Nesse caminho, o compartilhamento das vivências de sofrimento, isolamento, segregação e desamparo social foi elemento central que culminou no coro de vozes entre os participantes no tenso embate dialógico que compõe o cenário atual da educação especial na perspectiva da educação inclusiva. O modo como os professores sentiam e davam sentido às suas experiências de trabalho, mobilizava a formação de alianças de consensos em oposição à atual política de participação do Segundo Professor no ensino comum, ao mesmo tempo em que essas alianças proporcionavam a aproximação entre os participantes.

Apesar das tentativas de encorajamento pela pesquisadora/moderadora para que o grupo pudesse expressar as diferenças, as divergências e os desacordos, houve um predomínio no grupo de trocas de experiências complementares e consensualidade. Sobre isso, compreendemos que o movimento de aceitação incondicional de um enunciado e sua respectiva voz social como nos diz Faraco (2009, p. 69) “[...] é também implicitamente (ou mesmo explicitamente) recusar outros enunciados (outras vozes sociais) que podem se opor

dialogicamente a ela”. Assim, estávamos atentos as alianças de consensos e no seu limite, à que outras vozes provindas do campo das relações políticas, sociais, escolares e ideológicas elas se opunham.

Mesmo entre os poucos participantes que consideravam inicialmente sua experiência de trabalho “boa”, aos poucos, o contato com as diferentes formas de interpretar a experiência de trabalho de outros participantes levantavam as contradições e as dúvidas, sendo que o que era “bom” tornava-se confuso e ambíguo na interação com outras vozes no grupo.

Conforme mencionamos, aquele espaço havia se tornado num espaço privilegiado de apoio incondicional entre os participantes. Mergulhados nas discussões, os participantes foram assumindo cada vez mais a função de investigadores, explorando os sentidos das experiências uns dos outros e ao interrogarem sobre fatos, histórias e situações, permitiam ao pesquisador ter as pistas de como estavam mobilizados e apoiados em um dado contexto social e sistema representacional.

É importante destacar que a previsão para a realização da pesquisa era de apenas dois encontros, contudo, pelo envolvimento ativo dos professores nas discussões e a notável vontade que cada um trazia em compartilhar as inúmeras experiências, tivemos que realizar, de comum acordo, um terceiro encontro.
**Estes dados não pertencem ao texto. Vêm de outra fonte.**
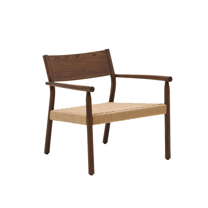 De Yalia fauteuil van Kave Home is een ambachtelijk ontwerp dat natuurlijke materialen en tijdloze stijl combineert. Het massief FSC gecertificeerd eikenhouten frame met een handgevlochten zitting van papiertouw zorgt voor een warme, rustieke uitstraling en brengt de natuur subtiel in je interieur.
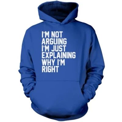 I'm Not Arguing Just Explaining Why Right Unisex Hoodie Funny Moody Teen Grumpy Old M Blue
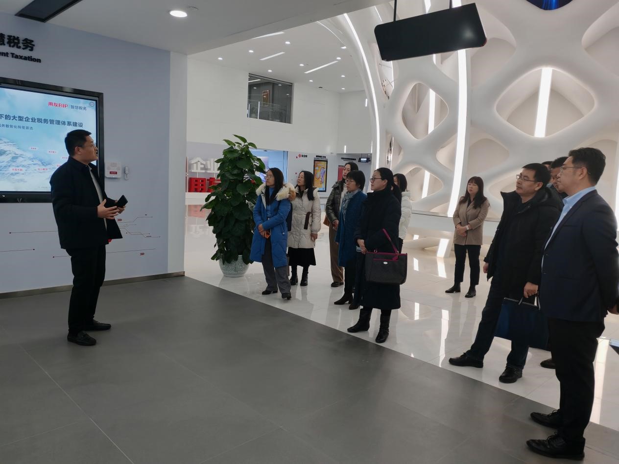 在用友公司领导与专家的带领下,学院领导和师生首先参观了解用友数智企业体验馆。通过参观,大家对数智化技术在企业中的应用有了更为直观和深入的了解,为后续的交流研讨奠定良好基础。学生们亲身体验数智化技术在财会领域的应用场景,拓宽了视野,激发了学习兴趣。
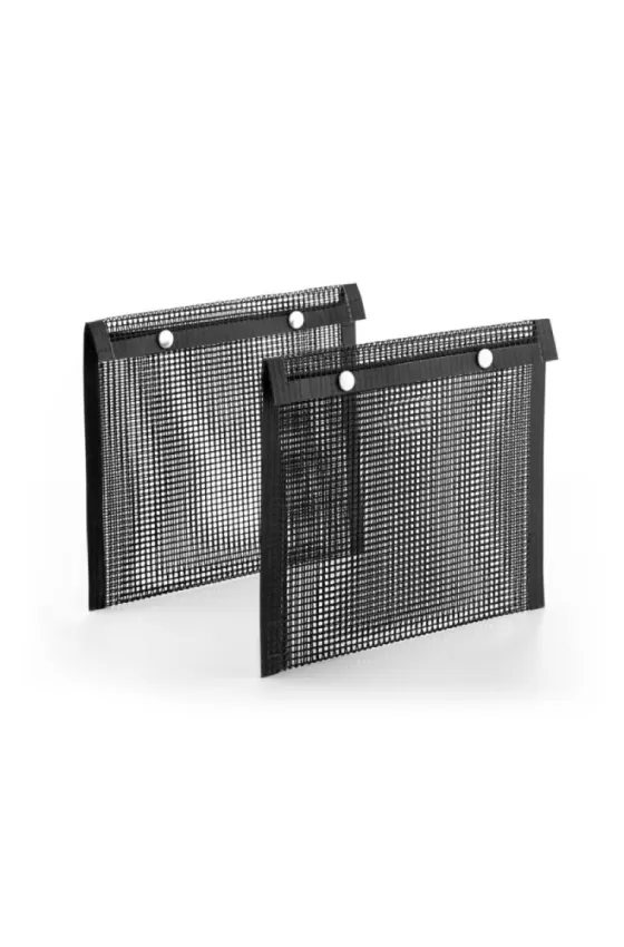 A set of 2 barbecue mesh bags, perfect for grilling vegetables and other small food items without them sticking or falling into the flames and burning. They are very practical and easy to use, you simply place the food in the bags and pit them on the barbecue grill (never directly onto the flames). The foods cook better and have a better flavour, since the smoke passes through the mesh. Simply turn the bags over to cook the other side. By being inside the bags, the foods don’t dispersed or fall into the fire while they are cooking, and once they are cooked they can be removed easily thanks to the non-stick material. The bags are alsoeasy to clean in the dishwasher. A more hygienic and effective way of cooking food on the barbecue.

Foi necessário no terceiro encontro maior interferência da pesquisadora/moderadora no controle do tempo para que pudéssemos fechar as temáticas propostas.

Nesse pequeno percurso de três encontros, foi possível acompanhar as angústias, os questionamentos e as significações sobre a experiência de trabalho que atravessam o cotidiano do Segundo Professor e esperamos assim, ter apreendido o movimento da fala/palavra viva no grupo como construções de sujeitos históricos que dialogam diretamente com os valores sociais, determinado pelas múltiplas relações sociais/políticas e ideológicas que lhe são constitutivas.